In this low-pressure EGR cooler, engine cooling water for cooling the engine is used as a cooling medium, but the temperature of the engine cooling water on the side receiving heat by heat exchange is relatively high at about 80 ° C. The low-pressure EGR gas on the side that is heated and cooled by heat exchange on one side is also low because it passes through the exhaust purification device, so the cooling efficiency of the low-pressure EGR gas in the low-pressure EGR cooler is low There is a problem of being bad.

Japanese Patent Application No. 2011-220171

Therefore, the present inventors need to cool electric equipment such as a motor generator, an inverter, and a battery in a hybrid vehicle equipped with a hybrid system including an internal combustion engine and a motor generator. This cooling water passage is provided with an independent cooling water passage for the motor generator. The temperature of the cooling water for the motor generator used for cooling the electric equipment is about 50 ° C., which is lower than the temperature of about 80 ° C. for the cooling water for the engine. In a hybrid vehicle equipped with a supercharging system and a low-pressure EGR system, the cooling water for the low-pressure EGR cooler is used by using the cooling water for the electric equipment instead of the cooling water for the engine of the prior art as the cooling medium for the low-pressure EGR cooler. It was found that the performance can be improved and the cooling efficiency of the low-pressure EGR gas can be improved.

The present invention has been made in view of the above, and an object of the present invention is to provide a hybrid system, a hybrid vehicle, and an EGR method for a hybrid system in which an internal combustion engine of the hybrid system is provided with a supercharging system and a low pressure EGR system. Provided are a hybrid system, a hybrid vehicle, and an EGR method for a hybrid system that can secure a sufficient EGR amount, reduce the amount of NOx generated in a cylinder, and reduce the heat load of a compressor to improve durability. That is.
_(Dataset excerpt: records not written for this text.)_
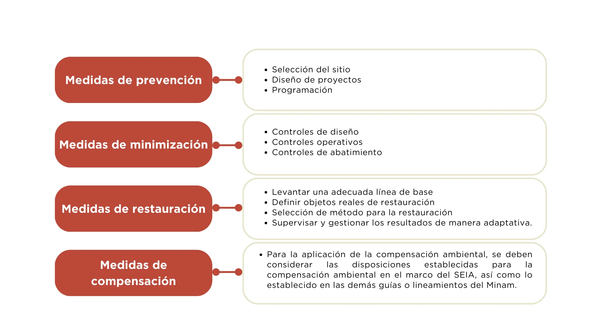 La JdM está conformada por cuatro tipos de medidas con la finalidad de atender el impacto ambiental negativo generado por el desarrollo de proyectos de inversión: i) medidas para evitar o prevenir, ii) medidas para minimizar o mitigar, iii) medidas para restaurar (por recuperación, rehabilitación o restauración ecológica), y iv) medidas para compensar.
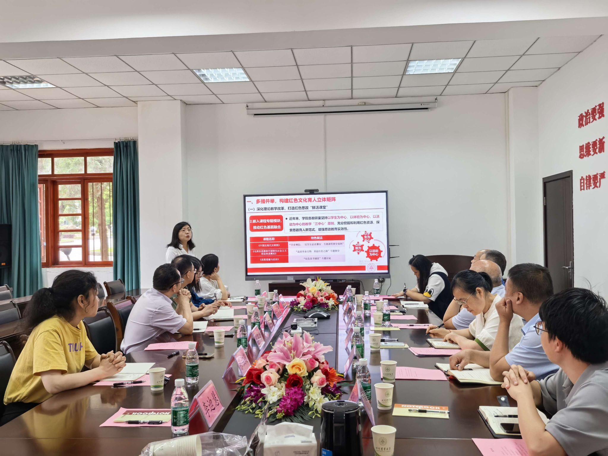 随后,双方在学院会议室举行座谈。雅安市政协文化文史和学习委主任唐利介绍了调研背景,期望通过校地合作,将雅安丰富的红色文化和本土文化更充分、有效地融入高校思政教育体系。马克思主义学院副院长邱高会作了题为“厚植红色基因,谱写育人新篇”的专题汇报,详细介绍了学院在推动雅安红色文化资源融入思政教育方面的具体举措、取得成效、面临挑战及未来规划。
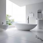 When decorating the walls of a room, be sure to leave a large area while preserving the brickwork or concrete partition. If necessary, such a coating is created artificially so that the loft-style bath retains its characteristic design features. In most cases, one of the walls of the room is decorated in a different way, which distinguishes it from the other three. For example, three walls may be rendered and painted, but one wall will have brickwork or bare concrete surface.
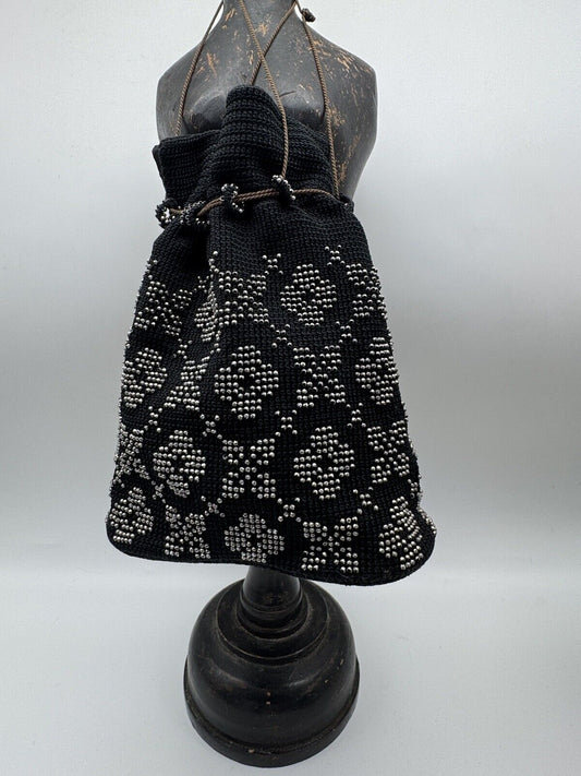 1920s Black Purse Steel Beads Crochet Satin Liner Draw String ESTATE FIND
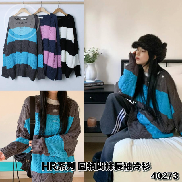 40273.21/11月韓國連線 HR系列 圓領間條長袖冷衫⚠️26/11截單⚠️預計1月初到貨
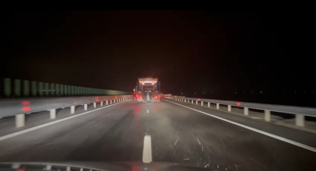 Pe șoseaua de mare viteză care tranzitează Oltul s-a acționat preventiv luni seara, pentru a nu se forma polei pe drum.

In order to achieve the above object, a hybrid system according to the present invention is a hybrid system including a motor generator, an internal combustion engine having a supercharging system and a low pressure EGR system, and an exhaust passage downstream of a turbine of the supercharging system. In addition, a low pressure EGR cooler is provided in a low pressure EGR passage connecting an intake passage upstream of the compressor of the supercharging system, and the low pressure EGR cooler cools the low pressure EGR gas with cooling water for cooling the motor generator. To be configured.
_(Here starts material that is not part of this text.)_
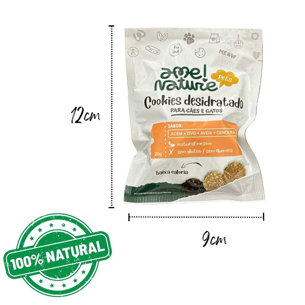 Kit Degustação Mini Cookies Naturais p/ Cães e Gatos – 3 Sabores (60g) O Kit Mini Cookies 100% Naturais da Ame Nature é perfeito para o seu pet experimentar diferentes sabores e aproveitar petiscos saudáveis, crocantes e feitos apenas com ingredientes de verdade. ✨ Sabores inclusos (3x20g): Fígado de frango + aveia + arroz Desidratado Acém Bovino + cenoura + ovos + aveia Desidratado Mandioca + aveia + banha saína Desidratado (hipoalergênico) 📌 Características do Produto: Testado e aprovado por Nutróloga Veterinária Peso: 20g cada pacote (total 60g) Tamanho médio: 2,5 cm de diâmetro Textura crocante (desidratado, não frito) 🐾 Benefícios dos nossos Cookies Naturais: ✔️ 100% Natural – sem conservantes, corantes ou aromatizantes ✔️ Sem glúten e sem trigo – mais seguro para pets sensíveis ✔️ Ingredientes reais, frescos e selecionados ✔️ Produção artesanal com qualidade e cuidado ✔️ Longa durabilidade devido à desidratação e embalagem laminada 📦 Armazenamento: Mantenha em local seco e fresco, longe da luz direta. Validade de 12 meses apos a data de fabricação 👉 Ideal para cães e gatos de todos os portes e idades!
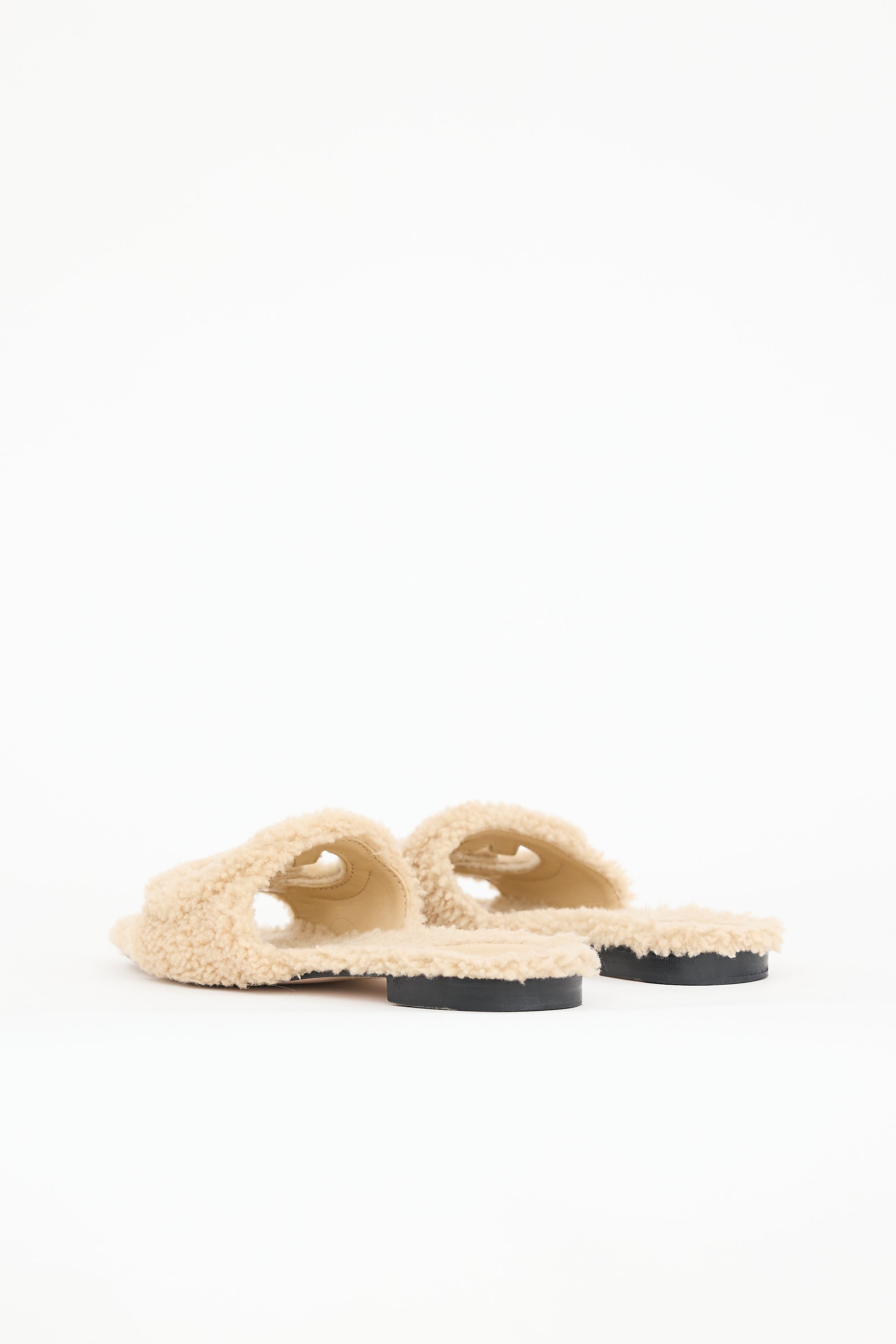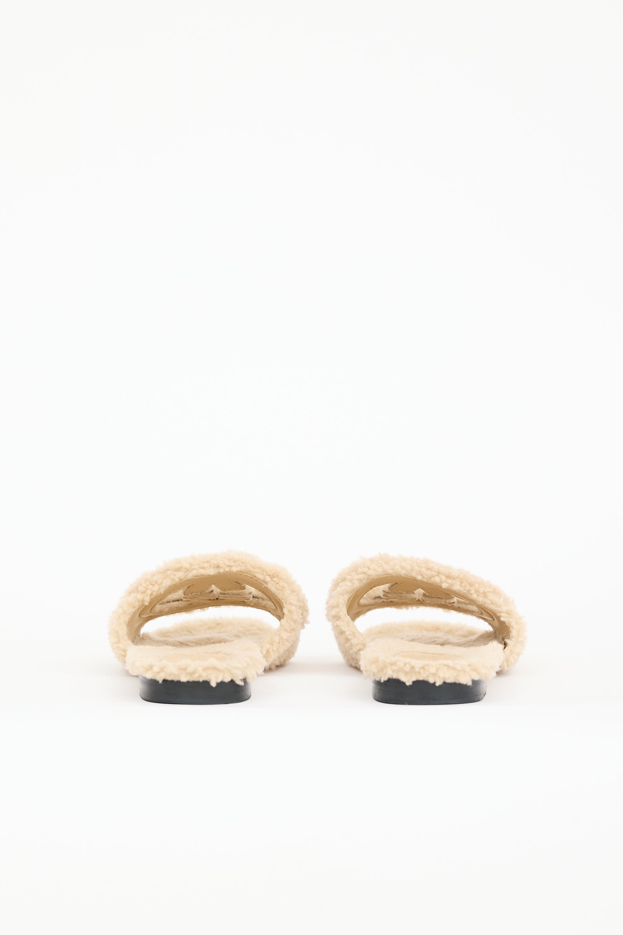 Pre-owned Gucci beige shearling slides featuring tapered square toe, interlocking GG logo at vamp, and slip on entry.

According to this configuration, cooling for a motor generator having a low temperature of about 50 ° C. is used for cooling water for a relatively high temperature of about 80 ° C., which is used as cooling water in a low pressure EGR cooler in the prior art. By using water as the cooling medium for the low-pressure EGR cooler, the cooling efficiency and cooling performance of the low-pressure EGR cooler can be improved, so the volume of the low-pressure EGR gas can be reduced and the amount of low-pressure EGR gas recirculated to the intake passage can be increased. As a result, the amount of NOx generated in the cylinder can be reduced, the temperature of the low-pressure EGR gas can be lowered, the thermal load on the downstream compressor can be reduced, and the durability can be improved.

Further, in the above hybrid system, when the low pressure EGR passage is configured to branch from an exhaust passage downstream of the exhaust gas purification device disposed in the exhaust passage, the low pressure EGR gas is unburned carbonized in the exhaust gas. Since hydrogen (HC, black smoke), etc. is removed by the exhaust gas purification device, it is returned to the intake passage via the low-pressure EGR cooler, so that unburned hydrocarbons accumulate on the low-pressure EGR cooler, compressor, and intake passage The amount can be reduced and the performance of these devices can be maintained in good condition.
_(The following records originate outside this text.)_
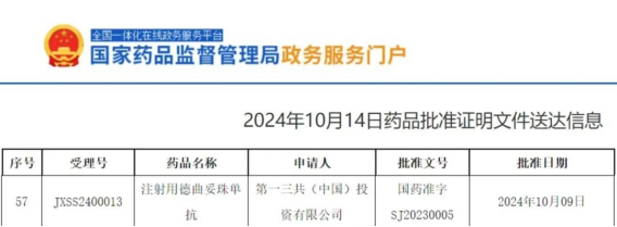 基于DESTINY-LUNG01研究的积极结果,在2020年德曲妥珠单抗被美国食品药品监督管理局(FDA)授予“突破性疗法”认证。随后,在2022年8月,凭借 DESTINY-LUNG02研究的进一步数据,德曲妥珠单抗获得了FDA的加速批准,成为全球首个用于治疗HER2突变转移性非小细胞肺癌(NSCLC)的HER2靶向药物。目前已被美国国立综合癌症网络(NCCN)和中国临床肿瘤学会(CSCO)指南一致推荐,成为治疗HER2突变肺癌的重要选择。
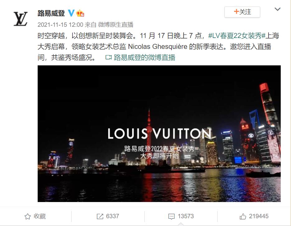 比如在中国市场尝试直播的先锋Louis Vuitton(路易威登)。去年6月,路易威登2022春夏男装秀亮相快手。截至当晚12点,快手平台观看此次直播的在线观看人数达1300万,最终观看人数达3864万。11月,路易威登不仅将不久前在巴黎上演的2022春夏女装秀搬到上海进行重新演绎,还在秀场上释出了19套专门为中国市场设计的全新Look,并且采用了微博、微信视频号、腾讯视频、抖音、快手、小米电视 OTT等多平台的同步直播,直播观看数量累计达到1.58亿次。
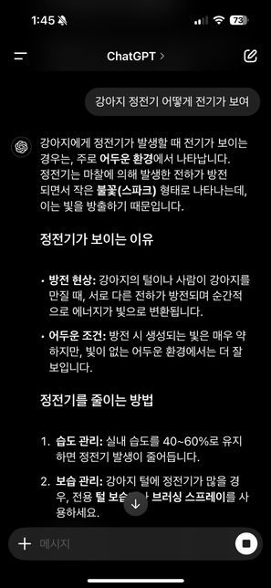 - 반려동물 건강반려동물Q. 강아지 정전기 어떻게 해결하나요? ?집이 건조하긴 하지만, 꿉꿉해서 강아지 냄새랑 섞이진 않아서 좋았습니다 하지만 자려고 누었더니, 자취4년차에 매트리스를 15만원주고 전기장판 사용 안되는 회색 스펀지 같은 매트리스입니다. 저는 편한데 강아지한테 이렇게 정전기를 보이니원인을 모르겠는데 사람으로 따지면 팔 한쪽이 정전기 오르는 느낌이라 소름끼칩니다 어떻게 하면 해결할 수 있을까요사진 오른쪽 부분이 정전기 오른 강아지 다리입니다
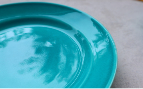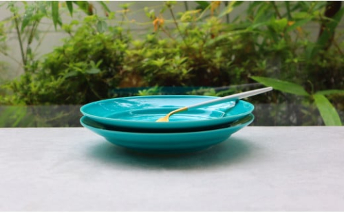 人気カラーのターコイズブルーのリム皿2枚セットです。
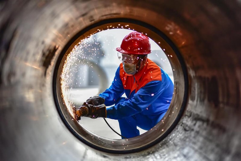 圖為山東省一家設備製造公司車間裡工人打磨作業。圖/中新社
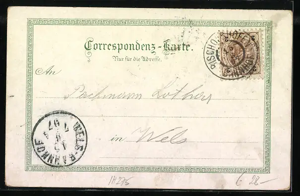 Personenbezogene Daten auf der Rückseite der Karte wurden durch blauen Textmarker unkenntlich gemacht. Die blauen Stellen sind auf die Vorderseite durchgeweicht und wirken sich negativ auf das Postkartenfoto aus
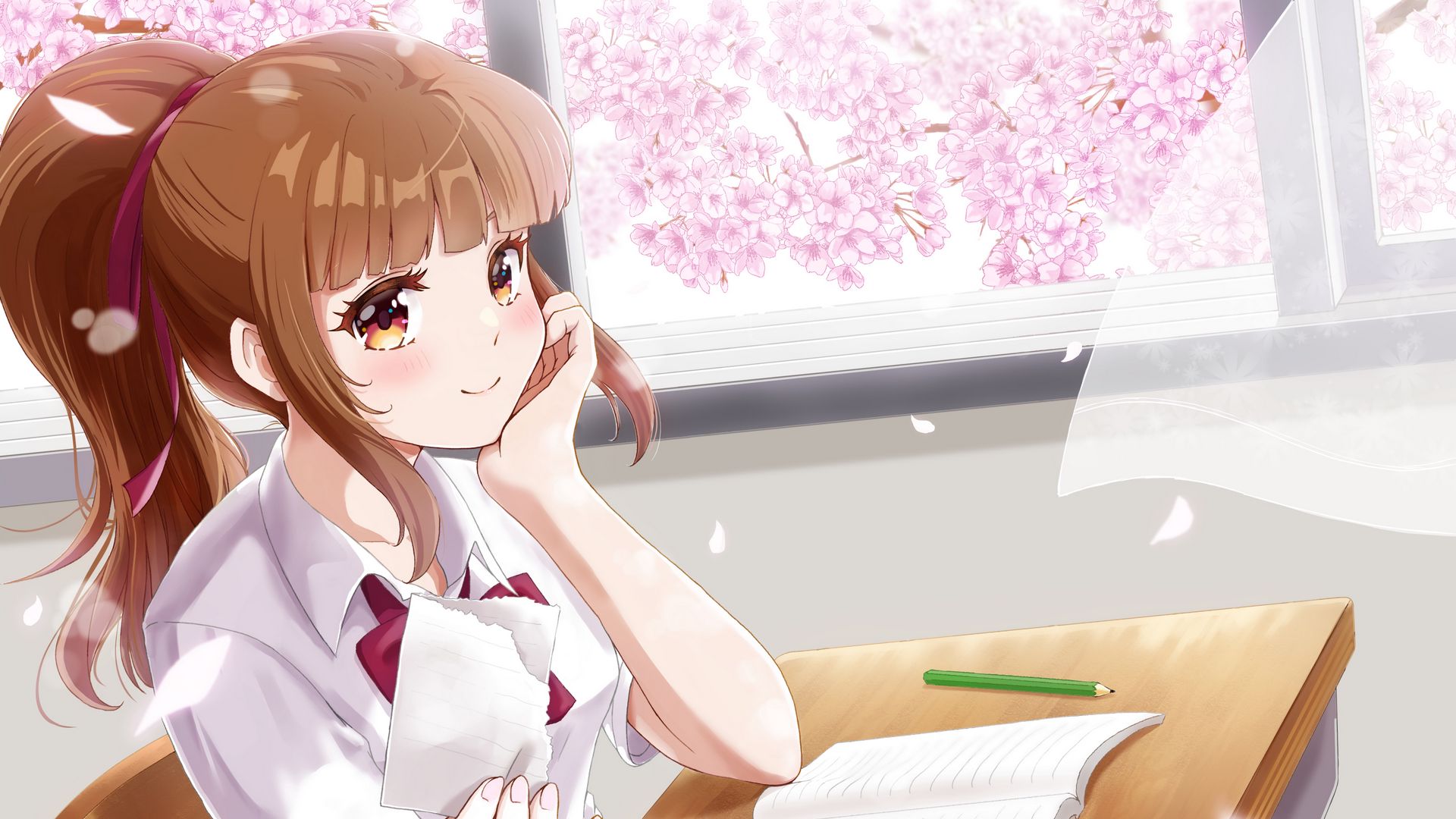 1920x1080 девушка, школьница, записка, аниме, арт обои full hd, hdtv, fhd, 1080p
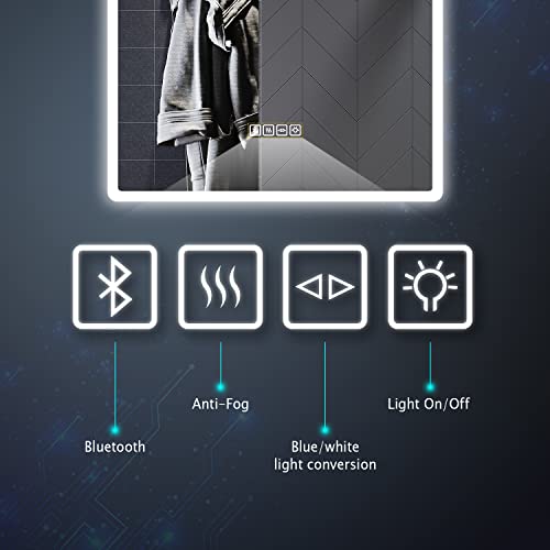 - 【Blue Atmosphere Light】Blue LED light gives off soothing soft light for helping ease and comfort, just a simple tap of the touch switch to switch among blue light and white light. A fashion modern LED mirror, adds luxury to your bathroom

In the hybrid system, a cooling water amount adjusting device for adjusting a flow rate of cooling water supplied to the low pressure EGR cooler, an exhaust gas temperature detecting device for detecting a temperature of the low pressure EGR gas flowing into the low pressure EGR cooler, A control device for controlling the cooling water amount adjusting device is provided, and when the low pressure EGR is stopped, or when the detected temperature of the exhaust gas temperature detecting device is equal to or lower than a preset first set temperature. The flow rate of the cooling water flowing into the low pressure EGR cooler is set to a preset minimum flow rate, and when the detected temperature exceeds the first set temperature, the flow rate of the cooling water flowing into the low pressure EGR cooler is When the cooling water amount adjusting device is configured to control the preset amount to change in accordance with the detected temperature, it is as follows. It is possible to achieve the effect.

According to this configuration, the cooling amount of the low-pressure EGR cooler can be optimized according to the operating state of the engine by changing the flow rate of the cooling water to the low-pressure EGR cooler according to the temperature of the exhaust gas.

And the hybrid vehicle of this invention for achieving said objective is comprised including said hybrid system, and there can exist an effect similar to said hybrid system.

In order to achieve the above object, an EGR method for a hybrid system according to the present invention is an EGR method for a hybrid system including a motor generator and an internal combustion engine having a supercharging system and a low-pressure EGR system. The low pressure EGR cooler provided in the low pressure EGR passage connecting the exhaust passage downstream of the turbine and the intake passage upstream of the compressor of the supercharging system, and the low pressure EGR gas is cooled with cooling water for cooling the motor generator. It is a method characterized by cooling. According to this method, the same effects as those of the hybrid system and the hybrid vehicle can be obtained.

According to the hybrid system, the hybrid vehicle, and the EGR method of the hybrid system of the present invention, electric power having a relatively low temperature of about 50 ° C. is used without using coolant for a relatively high temperature engine of about 80 ° C. By using the cooling water for the generator as a cooling medium for the low-pressure EGR cooler, the cooling efficiency and cooling performance of the low-pressure EGR gas can be improved, so that the volume of the low-pressure EGR gas can be reduced and the low-pressure EGR gas is returned to the intake passage The amount of NOx generated in the cylinder can be reduced by increasing the amount of EGR gas, and the temperature of the low-pressure EGR gas can be reduced to reduce the thermal load of the compressor and improve the durability.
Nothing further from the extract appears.